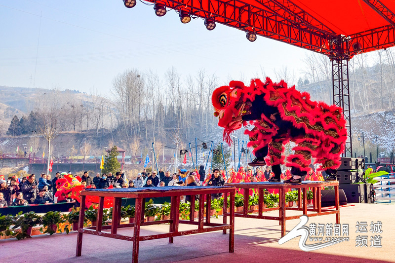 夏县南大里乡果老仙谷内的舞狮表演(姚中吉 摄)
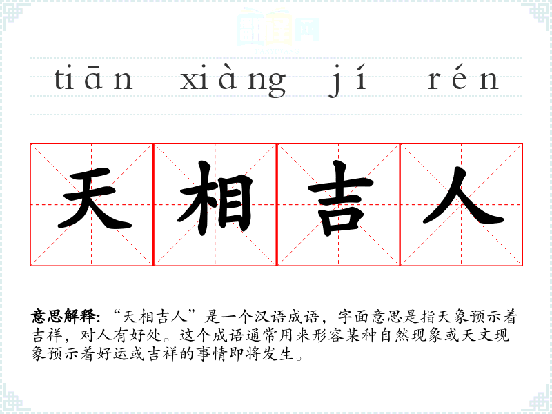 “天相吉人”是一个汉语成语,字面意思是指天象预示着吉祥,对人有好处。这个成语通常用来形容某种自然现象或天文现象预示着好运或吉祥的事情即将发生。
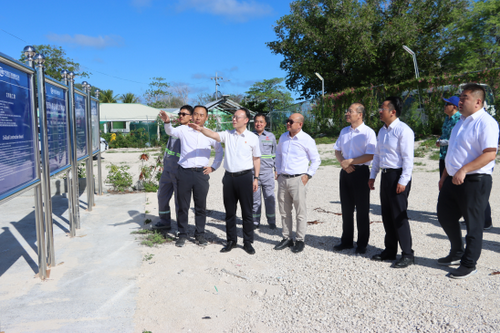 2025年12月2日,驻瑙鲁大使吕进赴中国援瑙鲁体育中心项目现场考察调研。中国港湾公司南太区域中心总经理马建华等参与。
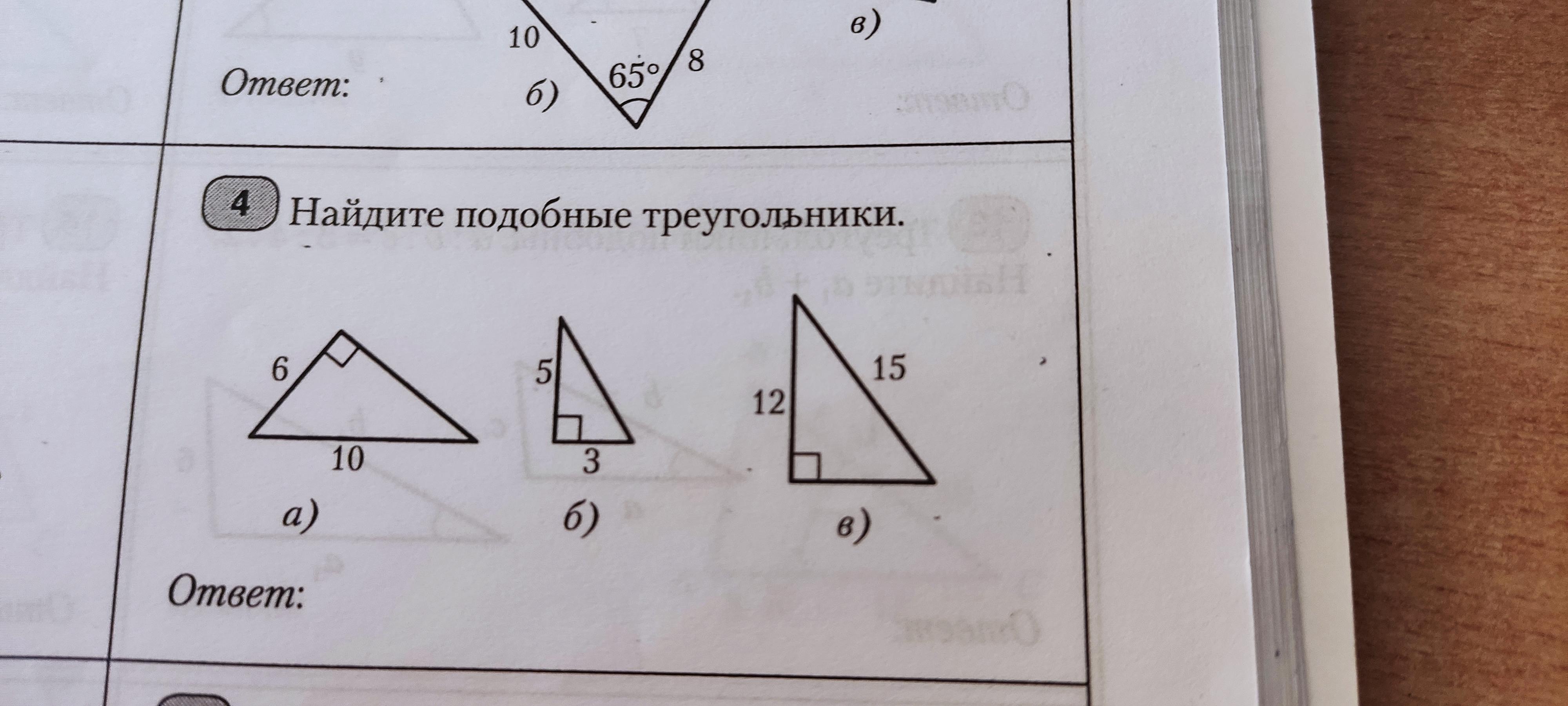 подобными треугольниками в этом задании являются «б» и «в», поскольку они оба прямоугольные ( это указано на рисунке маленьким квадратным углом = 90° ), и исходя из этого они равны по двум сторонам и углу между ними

§ **HOW TO COMPLETE THIS TASK**
Since the pictures are not wanted, repeat only the rest of the material, exactly as given.

§ **OUTPUT FOR THIS EXERCISE**
 夏县南大里乡果老仙谷内的舞狮表演(姚中吉 摄)
 “天相吉人”是一个汉语成语,字面意思是指天象预示着吉祥,对人有好处。这个成语通常用来形容某种自然现象或天文现象预示着好运或吉祥的事情即将发生。
 2025年12月2日,驻瑙鲁大使吕进赴中国援瑙鲁体育中心项目现场考察调研。中国港湾公司南太区域中心总经理马建华等参与。
 подобными треугольниками в этом задании являются «б» и «в», поскольку они оба прямоугольные ( это указано на рисунке маленьким квадратным углом = 90° ), и исходя из этого они равны по двум сторонам и углу между ними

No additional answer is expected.